I received an email from a concerned mom a few days ago. Her son had been arrested for “not-a-drop.” It seems that he was 15, had a learner’s permit, and was driving another teenage friend’s vehicle. The only other person in the car was the teenage friend. So for starters, this was a violation of the terms of the learning permit, which requires that a licensed driver over 21 years of age be present.

The officer observed him weaving and pulled him over. The breath test on the scene indicated .03 percent blood alcohol content. That’s way below the legal limit, so the 15 year old was not charged with a DWI. However, driving at that age with any detectable level of alcohol is a violation of the “not-a-drop law.”

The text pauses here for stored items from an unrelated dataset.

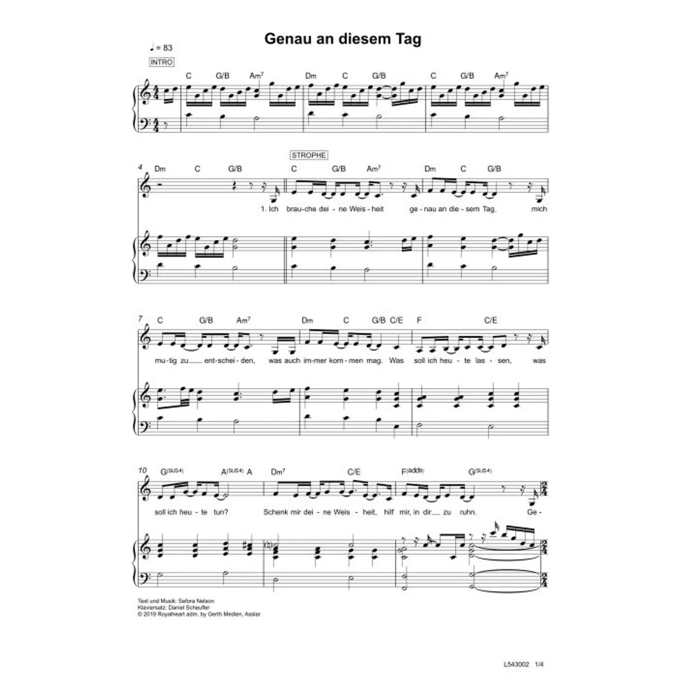Genau an diesem Tag (diese Variante haben Sie gerade ausgewählt) (Klavier, einstimmig, mit Akkorden, C-Dur) Sefora Nelson (Komposition, Text), Daniel Scheufler (Klaviersatz) |
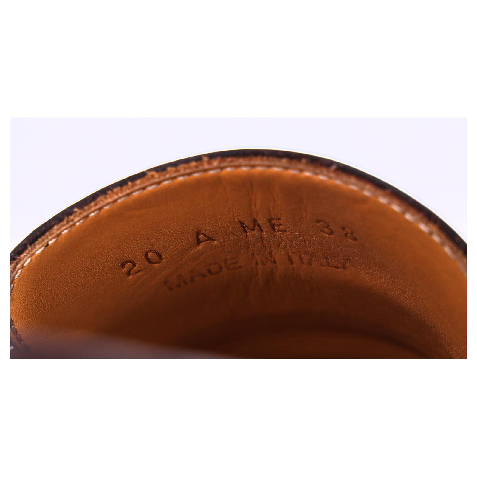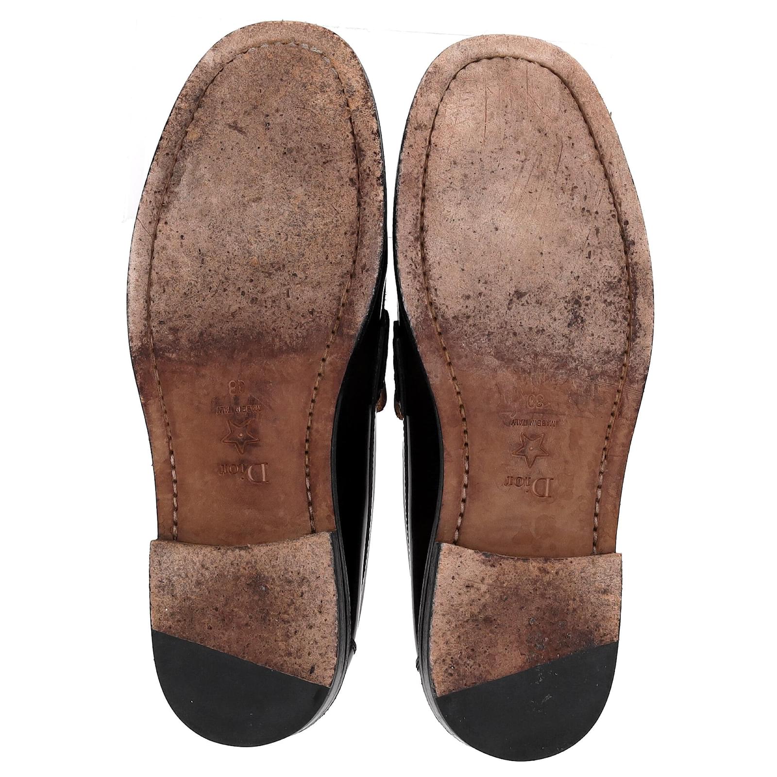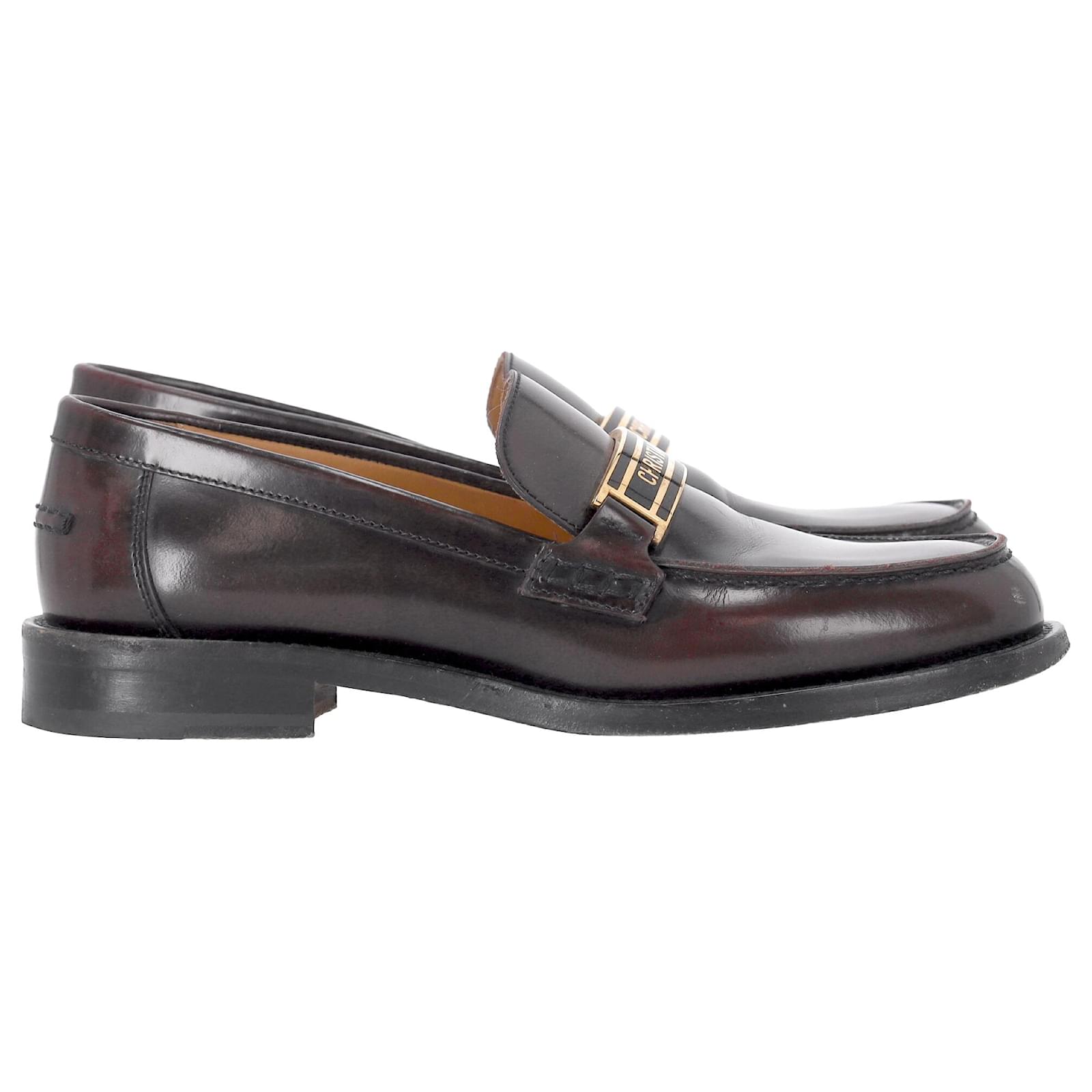 Elevate your footwear collection with the Dior Code Loafers in brown brushed calfskin. This timeless reinterpretation of a classic men’s model is a luxurious fusion of comfort and style. The enamel plate adorned with the gold-colored “CHRISTIAN DIOR” signature adds a sophisticated touch that echoes the iconic Dior Book Tote. With a soft and comfortable design, and a leather sole, these loafers are the perfect blend of practicality and high-fashion luxury.\n\n\nwith Box, Dust bag\n\nDior Code Loafers in Brown Leather \nCondition: good\nSigns of wear: Include Box., No visible sign of wear. No Mark at insole., Lightly used but very well maintained. Minor mark at soles & creasing, light scuffing at the soles and heels.\nPackaging: Box, Dust bag\nColor: Brown \nMaterial: Leather \nSize: EU | 38\nMeasurements: Heel height: 30; Insole length: 240\nSKU: NAPPUDESH466130W \n Product Id: 466130 \n
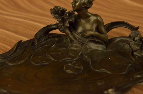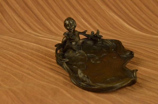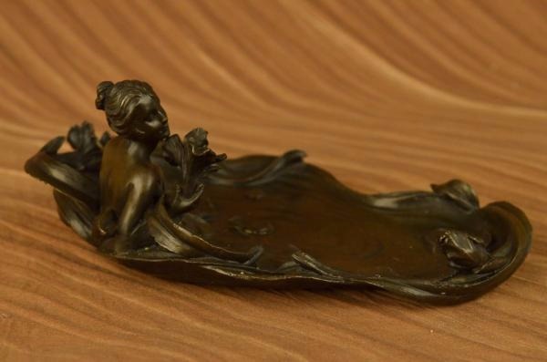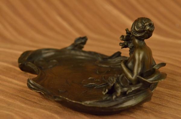 Signed Original Hand Crafted Jewelry Tray Bronze Sculpture Statue Figurine Decor
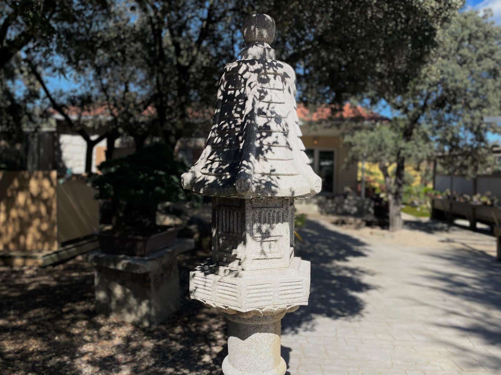 Su estructura tradicional, con base robusta y cámara central para la luz, convierte a esta linterna en un elemento perfecto para jardines zen, senderos, estanques y espacios de meditación. Además de su función ornamental, simboliza la iluminación espiritual y la conexión con la naturaleza, valores esenciales del paisajismo japonés.
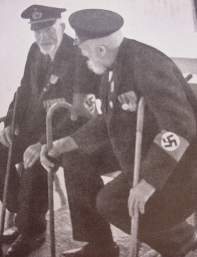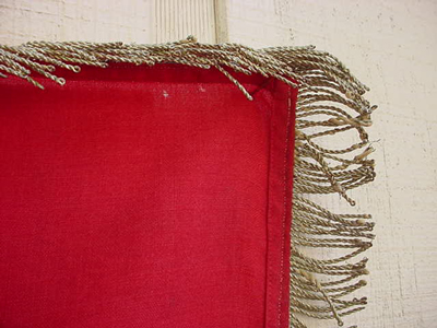DESCRIPTION: This is another of the veterans organizations, this one was for those considered war victims (severely wounded). This organization was formed in 1930 and institutionalized in 1933. It was an N.S. associated society assisting NSDAP party members and also non-members who had become disabled as a result of war injuries. Also see the flag from the NSKOV at FLAG 2-7 for further information on the Veterans Association. The standard is in really nice overall condition and has loops for fastening it to the pole and silver fringe all around three sides and that is what makes it a standard rather than a flag. Since it is a standard this means that it might have been consecrated by its being touched to the Blutfahne (the sacred blood flag at the Nuremberg party rally). The black patch at the left hand upper corner reads Kriegsopferversorgung Stommeln. This means it is the official standard of the veterans of the wars 1870-1918 who were severely wounded and now live in the village of Stommeln and this is a village in the northwest of Cologne. Extremely heavy and tough fighting went on in that area in 1944 when the American armored spearhead was ground to a halt in the Stuberg-Mausbach area by the brave Wehrmacht counterattack that was mounted by units of the 17th German infantry Division, a unit that which had been re-equipped in west Prussia and was rushed to the battle zone in Stolberg. They fought well and inflicted many casualties on the unwelcome guests in the shadow of the sacred River Rhine. The standard measures 4 ft. x 55 inches including the fringe along the edges. It is quite a handsome piece. It has a few minor moth holes but overall in quite nice shape. PRICE: SOLD |

I have a detailed discussion of the not-a-drop law on my underage drinking and driving web page. After receiving the email from the driver’s mother, I pulled up my own page to review the law before I responded. It seemed clear to me that under the circumstances described, this 15 year old was going to be denied a driver’s license until age 21, together with whatever criminal penalties the juvenile court decided to give him – since violation of not-a-drop is a misdemeanor.

To make sure I had it right, however, I called the Department of Public Safety. I got one of their Driver Evaluators on the phone and discussed the matter with him. His opinion was that the 15 year old would only receive a 30 day suspension of his privilege to drive. The Evaluator stated further that it would have taken a breath reading of over .08 or a conviction for DWI before they would require this young man to wait until age 21 before he could get a license.

I did a response email and let the mom know what I had learned. It surprised me, however, which is why I bring it up here. From the way the state statute is written, it is fairly clear to me that the legislature intended that young people who do things like this are not to be allowed to drive until they turn 21; but that is not how our Department of Public Safety interprets it.

The Minnesota statute which cuts off driving privileges until age 21 for juvenile drunk drivers is commonly referred to as “Vanessa’s Law.” This law is named after Vanessa Weiss, a Minnesota teenager who was killed when she was a passenger in a vehicle being driven by an intoxicated, unlicensed 15 year old in 2003. It was written quickly and I think poorly, passed quickly by the legislature, and is now obviously subject to various interpretations. It should be reviewed by the legislature to make sure that the way it is being interpreted matches their intent.